# I don't think its the springs



## bolo1968 (Apr 24, 2009)

I have an 04. One side sits lower than the other (drivers side). Thought I read it was bushings, can you guys help me out, thanks


----------



## RJ_05GTO (Jul 6, 2008)

springs


----------



## Falco21 (May 11, 2010)

Yup. Agree ^^^^ Springs


----------



## bolo1968 (Apr 24, 2009)

*Used 06 springs*

I see rear springs from an 06 on ebay with 35k miles. I know we all have problems with oem springs. Mine car is defintely sitting lower and tilted to one side now, but it wasn't always tilted. Think buying springs from the above will correct the problem ? Does anyone know the length of our springs, does length matter (asking for it with this question, I know LOL)? Thanks


----------



## Falco21 (May 11, 2010)

Personally I would just buy some aftermarket springs. The stock suspension is horrible and I wouldn't buy the same parts to fix the problem. Just my 2 cents.


----------



## firebird (Feb 6, 2011)

i had the same issue with my firebird, i thought when i install the eibach springs, it would fix the issue. man was i wrong, it was the same with eibach springs and all 4 new shocks. i think problem lays somewhere else, as gm left passanger to sit lower then driver on purpose.

to go to the length, to examine this, i even installed the oem springs on the passanger side and left eibach on driver, just to see if that would lower the car on the driver side. once again, the passanger was sitting lower than the driver side, so i just said f it. spent so much time on it, nothing bad out of it, the car handeled and performed well


----------



## svede1212 (Nov 1, 2005)

Don't waste money on OEM springs (and for sure don't get Eibachs). Lovells, King or Pedders are the ones to get.


----------



## GM4life (Mar 18, 2007)

Its a guarantee that OEM springs will be shot if they came off of a car with zero miles.

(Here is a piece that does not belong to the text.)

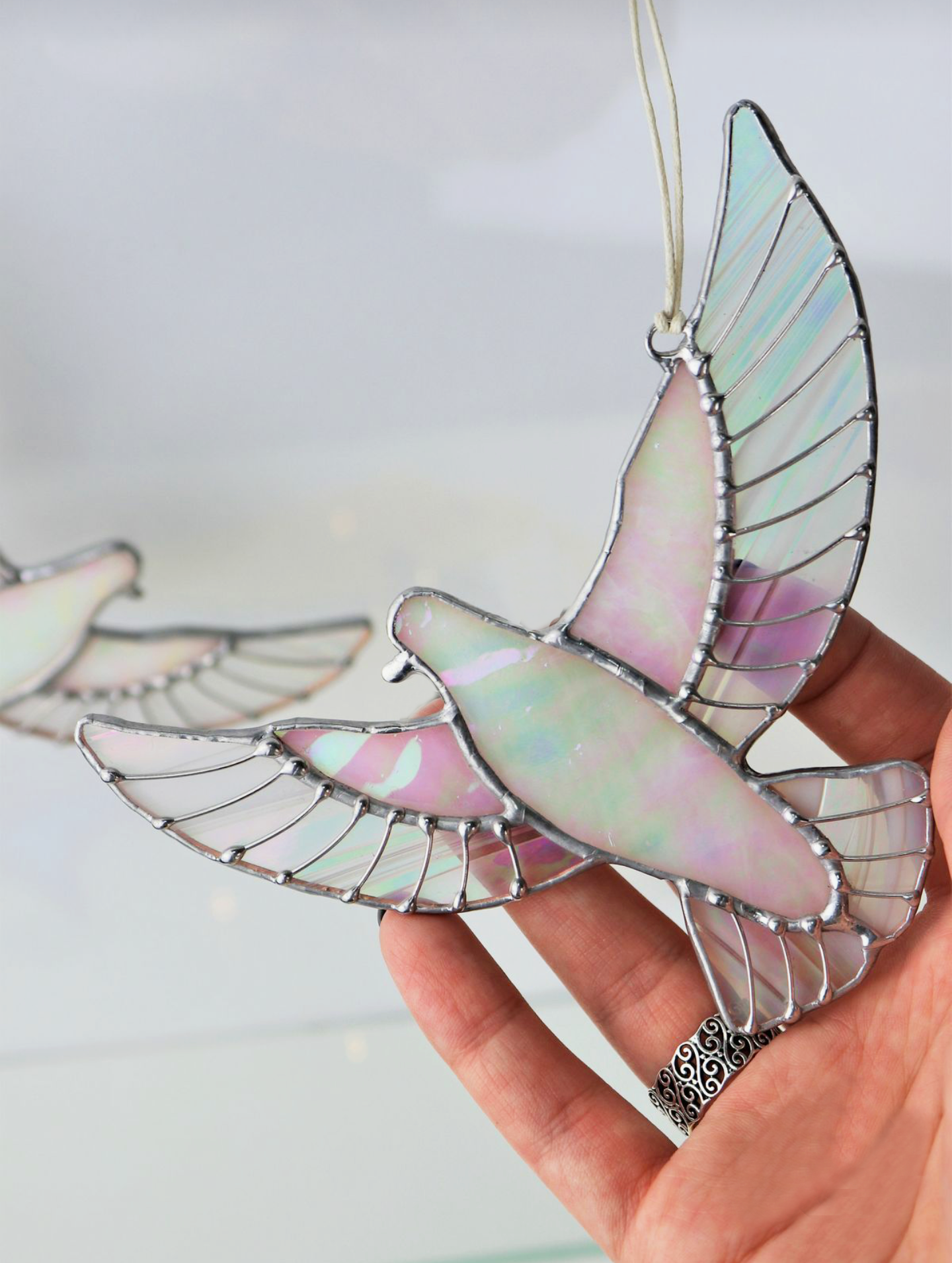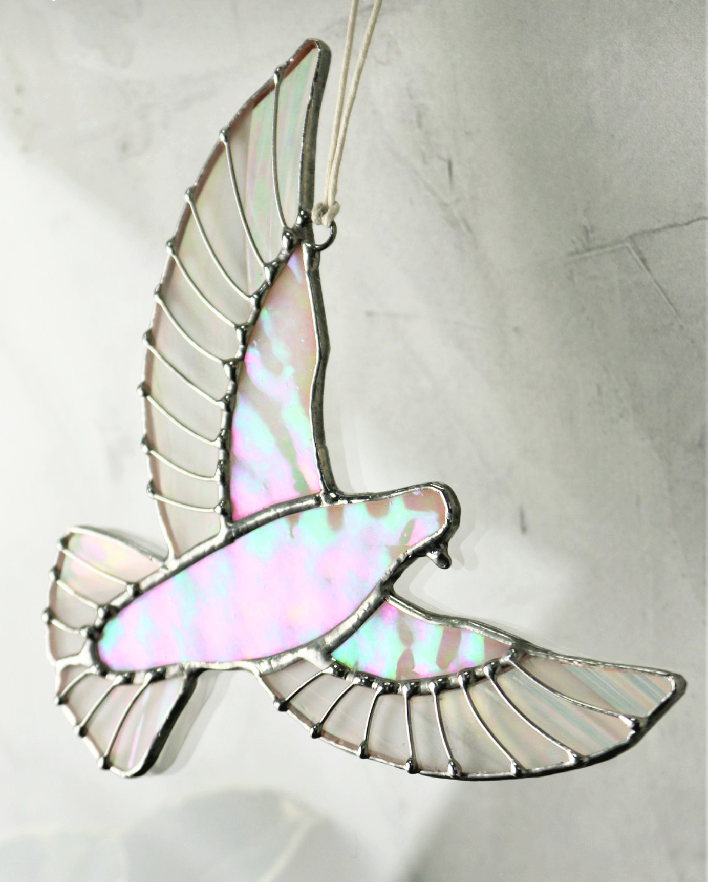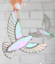 Fehér irizált üvegből készült, vadgalambot utánzó pazar dísz, mely ablakba vagy akár karácsorfadísznek is tökéletes. Az eredeti ötletet A Reszkessetek betörők c. filmben szereplő legendás vadgalamb ajándékdísz adta, mely az egymás iránti figyelmesség és szeretet hivatott kifejezni.

If you want stock height springs you can get them from King, Pedders, and Lovells. If you going to change the springs change the dampners too.


----------



## jpalamar (Jul 22, 2008)

I wouldn't buy King. They are a quality product, but the ride is REALLY harsh.


----------



## bolo1968 (Apr 24, 2009)

Thanks for all the input. Where would I be without GTO Forum, Stay cool, Stay GTO


----------



## 87GN06GTO07IRL (Aug 10, 2009)

Kings would be a great choice if you like auto x or the like. Considerably less body roll than Pedders or Lovells due to higher spring rates. They're not for the faint of heart on the street or necessary for people who only like straight line performance. I love my King hhd springs, even on the street. Makes an on or off ramp feel like a straight away.


----------